* [SUPPLIED INFORMATION]:
● ● ●

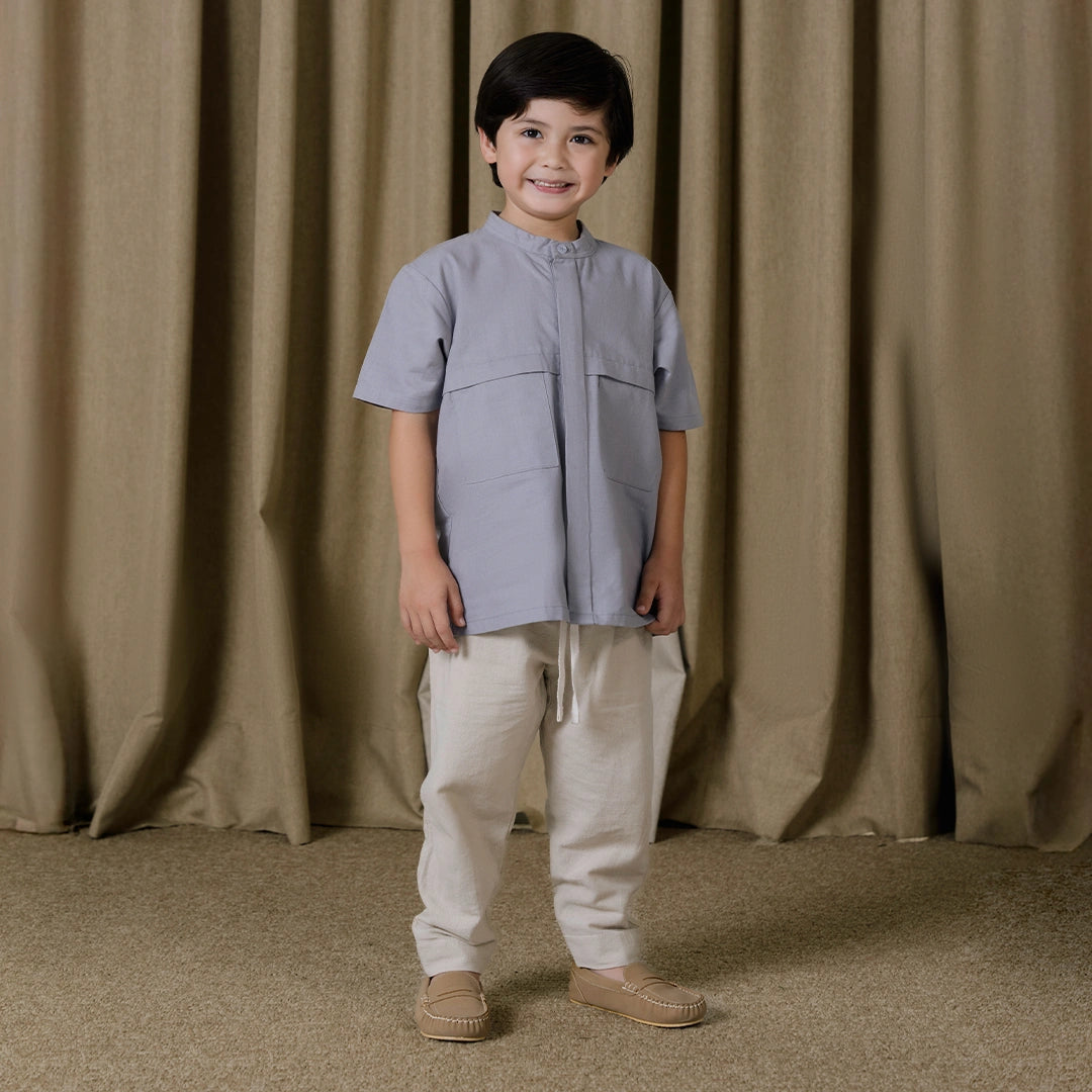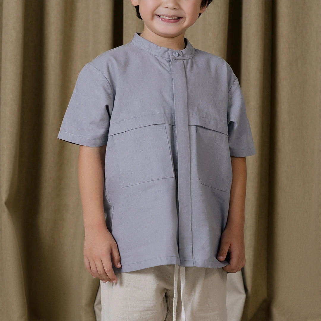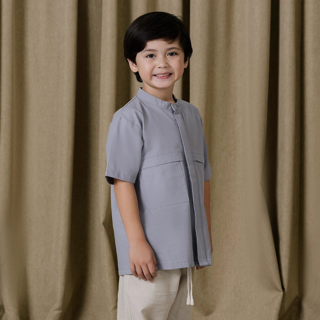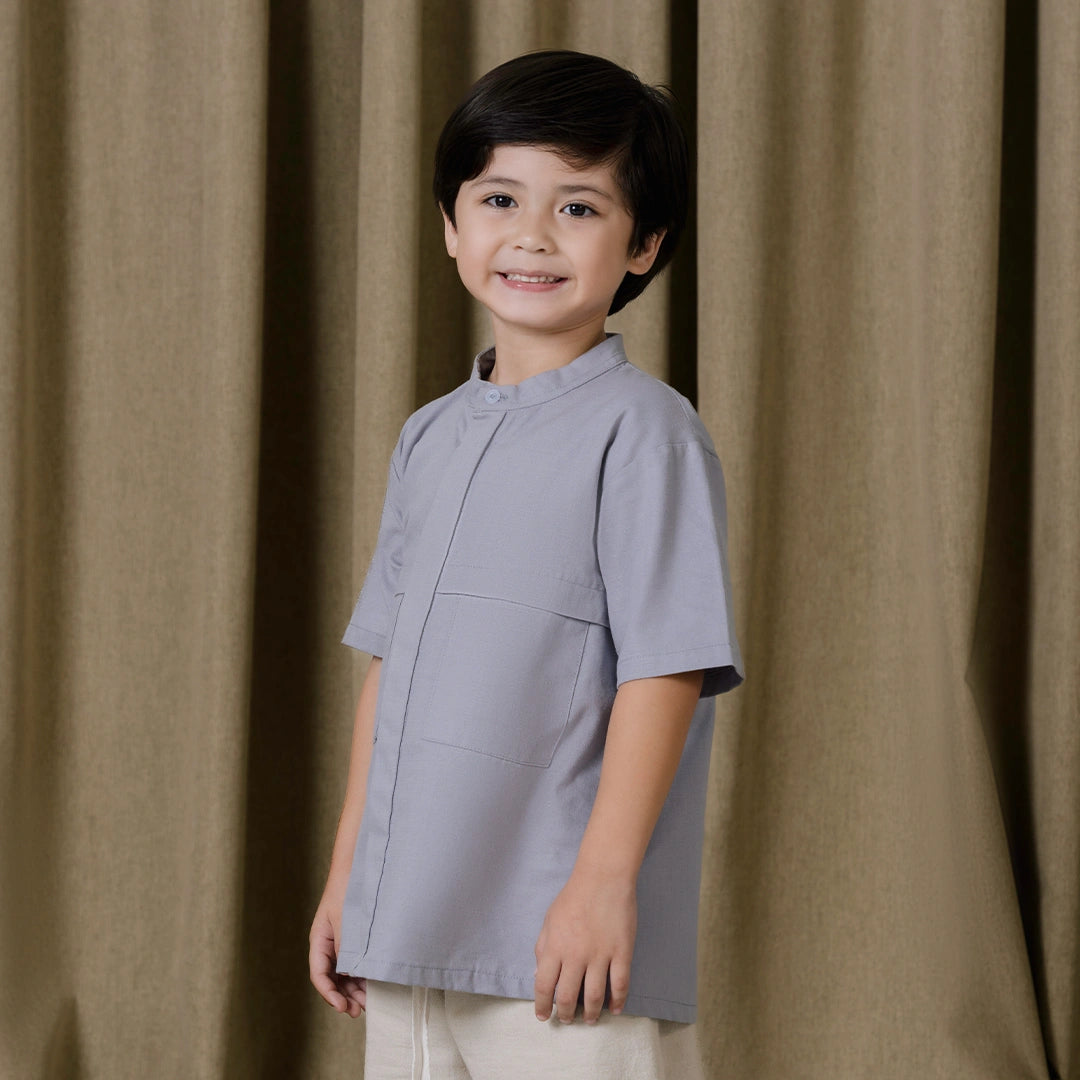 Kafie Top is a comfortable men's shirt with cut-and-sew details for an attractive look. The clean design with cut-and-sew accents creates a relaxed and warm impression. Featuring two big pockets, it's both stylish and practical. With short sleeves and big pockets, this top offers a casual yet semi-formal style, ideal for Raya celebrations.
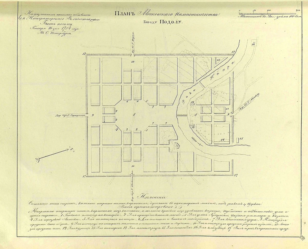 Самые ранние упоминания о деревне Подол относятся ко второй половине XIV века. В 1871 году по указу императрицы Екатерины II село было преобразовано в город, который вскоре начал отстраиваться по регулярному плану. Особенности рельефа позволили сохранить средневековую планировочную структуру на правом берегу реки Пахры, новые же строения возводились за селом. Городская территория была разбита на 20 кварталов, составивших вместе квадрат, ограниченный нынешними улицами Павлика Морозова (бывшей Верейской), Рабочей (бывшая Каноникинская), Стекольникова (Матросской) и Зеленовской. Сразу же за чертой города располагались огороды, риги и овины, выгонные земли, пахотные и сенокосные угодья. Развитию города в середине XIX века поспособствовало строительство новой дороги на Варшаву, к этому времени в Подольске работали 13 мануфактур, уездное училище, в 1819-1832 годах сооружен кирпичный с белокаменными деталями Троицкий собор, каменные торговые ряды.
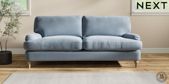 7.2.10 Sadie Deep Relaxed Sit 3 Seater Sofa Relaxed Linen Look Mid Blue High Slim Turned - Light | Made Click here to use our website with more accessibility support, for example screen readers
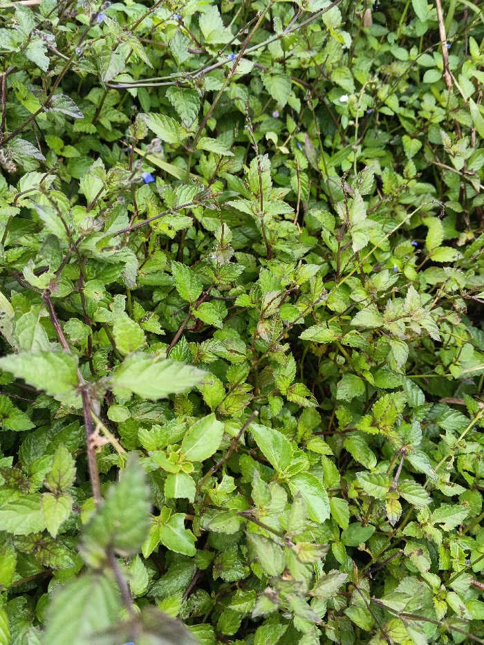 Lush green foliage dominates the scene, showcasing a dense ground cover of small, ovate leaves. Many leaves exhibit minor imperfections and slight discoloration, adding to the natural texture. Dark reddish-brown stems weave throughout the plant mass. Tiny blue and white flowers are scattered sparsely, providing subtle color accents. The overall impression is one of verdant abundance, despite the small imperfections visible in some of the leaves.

● ● ●

* [WORK TO COMPLETE]: Everything in the data except the pictures should be restated word for word.

* [OUTPUT FOR THIS TASK]:
 Kafie Top is a comfortable men's shirt with cut-and-sew details for an attractive look. The clean design with cut-and-sew accents creates a relaxed and warm impression. Featuring two big pockets, it's both stylish and practical. With short sleeves and big pockets, this top offers a casual yet semi-formal style, ideal for Raya celebrations.
 Самые ранние упоминания о деревне Подол относятся ко второй половине XIV века. В 1871 году по указу императрицы Екатерины II село было преобразовано в город, который вскоре начал отстраиваться по регулярному плану. Особенности рельефа позволили сохранить средневековую планировочную структуру на правом берегу реки Пахры, новые же строения возводились за селом. Городская территория была разбита на 20 кварталов, составивших вместе квадрат, ограниченный нынешними улицами Павлика Морозова (бывшей Верейской), Рабочей (бывшая Каноникинская), Стекольникова (Матросской) и Зеленовской. Сразу же за чертой города располагались огороды, риги и овины, выгонные земли, пахотные и сенокосные угодья. Развитию города в середине XIX века поспособствовало строительство новой дороги на Варшаву, к этому времени в Подольске работали 13 мануфактур, уездное училище, в 1819-1832 годах сооружен кирпичный с белокаменными деталями Троицкий собор, каменные торговые ряды.
 7.2.10 Sadie Deep Relaxed Sit 3 Seater Sofa Relaxed Linen Look Mid Blue High Slim Turned - Light | Made Click here to use our website with more accessibility support, for example screen readers
 Lush green foliage dominates the scene, showcasing a dense ground cover of small, ovate leaves. Many leaves exhibit minor imperfections and slight discoloration, adding to the natural texture. Dark reddish-brown stems weave throughout the plant mass. Tiny blue and white flowers are scattered sparsely, providing subtle color accents. The overall impression is one of verdant abundance, despite the small imperfections visible in some of the leaves.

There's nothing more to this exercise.